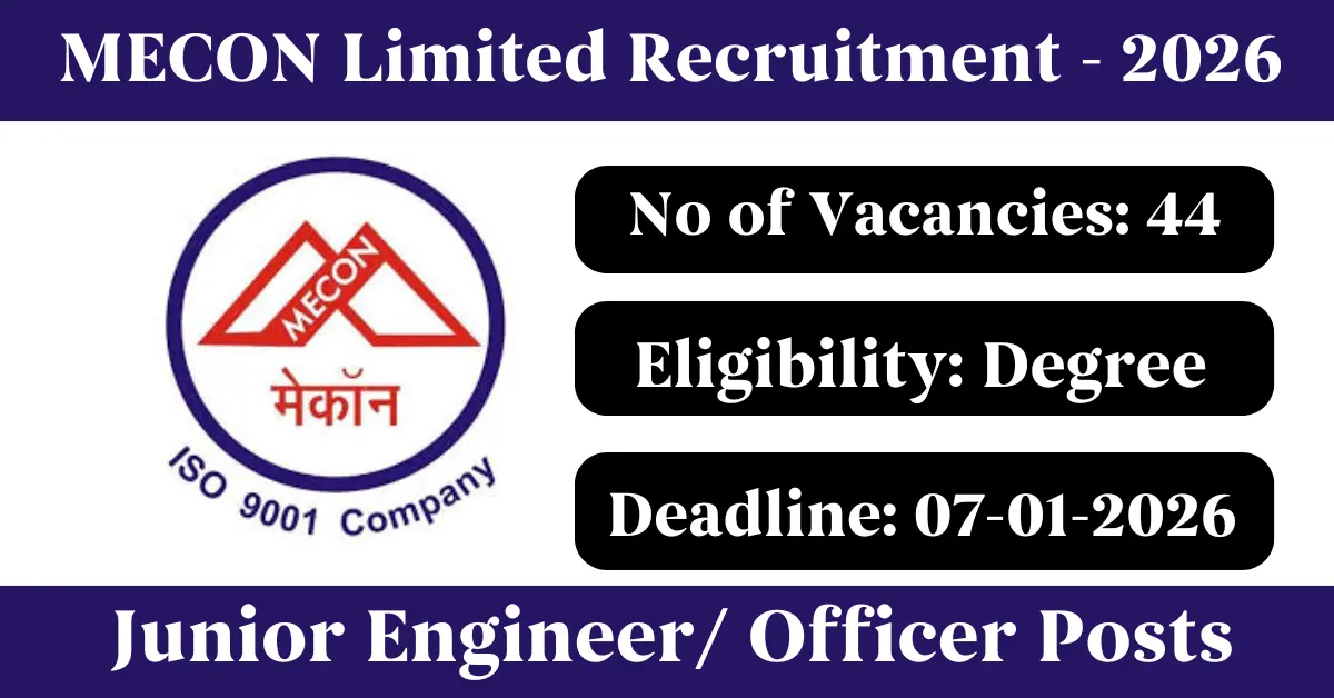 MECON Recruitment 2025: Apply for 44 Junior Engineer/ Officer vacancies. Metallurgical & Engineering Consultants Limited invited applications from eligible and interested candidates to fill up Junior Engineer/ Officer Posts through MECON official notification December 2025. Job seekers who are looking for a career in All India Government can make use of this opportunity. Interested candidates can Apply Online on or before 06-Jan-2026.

==

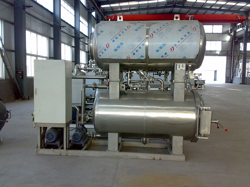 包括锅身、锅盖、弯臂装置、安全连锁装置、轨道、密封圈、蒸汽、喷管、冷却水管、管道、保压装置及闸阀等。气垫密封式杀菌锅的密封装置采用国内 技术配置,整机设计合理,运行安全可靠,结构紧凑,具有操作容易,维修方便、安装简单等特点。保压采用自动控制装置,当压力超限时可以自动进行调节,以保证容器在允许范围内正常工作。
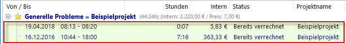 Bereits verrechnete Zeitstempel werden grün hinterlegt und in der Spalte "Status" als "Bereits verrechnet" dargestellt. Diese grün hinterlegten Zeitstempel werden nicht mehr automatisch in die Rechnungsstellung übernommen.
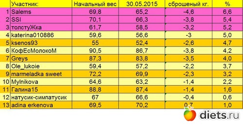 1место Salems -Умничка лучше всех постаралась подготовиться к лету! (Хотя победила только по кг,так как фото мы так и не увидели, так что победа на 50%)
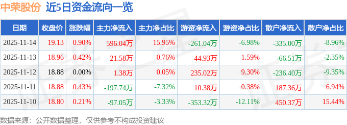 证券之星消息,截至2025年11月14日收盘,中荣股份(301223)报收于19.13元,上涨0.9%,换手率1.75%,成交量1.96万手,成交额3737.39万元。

...

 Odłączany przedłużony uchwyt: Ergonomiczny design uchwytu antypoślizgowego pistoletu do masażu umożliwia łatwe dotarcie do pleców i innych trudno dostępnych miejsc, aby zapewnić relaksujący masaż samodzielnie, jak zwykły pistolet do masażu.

What the task requires: Transcribe, word for word, the lines of the listing above from the one that contains "包括锅身、锅盖、弯臂装置、安" through the one that contains "证券之星消息,截至2025年", keeping both ends and dropping the pictures.

Problem solution:
 包括锅身、锅盖、弯臂装置、安全连锁装置、轨道、密封圈、蒸汽、喷管、冷却水管、管道、保压装置及闸阀等。气垫密封式杀菌锅的密封装置采用国内 技术配置,整机设计合理,运行安全可靠,结构紧凑,具有操作容易,维修方便、安装简单等特点。保压采用自动控制装置,当压力超限时可以自动进行调节,以保证容器在允许范围内正常工作。
 Bereits verrechnete Zeitstempel werden grün hinterlegt und in der Spalte "Status" als "Bereits verrechnet" dargestellt. Diese grün hinterlegten Zeitstempel werden nicht mehr automatisch in die Rechnungsstellung übernommen.
 1место Salems -Умничка лучше всех постаралась подготовиться к лету! (Хотя победила только по кг,так как фото мы так и не увидели, так что победа на 50%)
 证券之星消息,截至2025年11月14日收盘,中荣股份(301223)报收于19.13元,上涨0.9%,换手率1.75%,成交量1.96万手,成交额3737.39万元。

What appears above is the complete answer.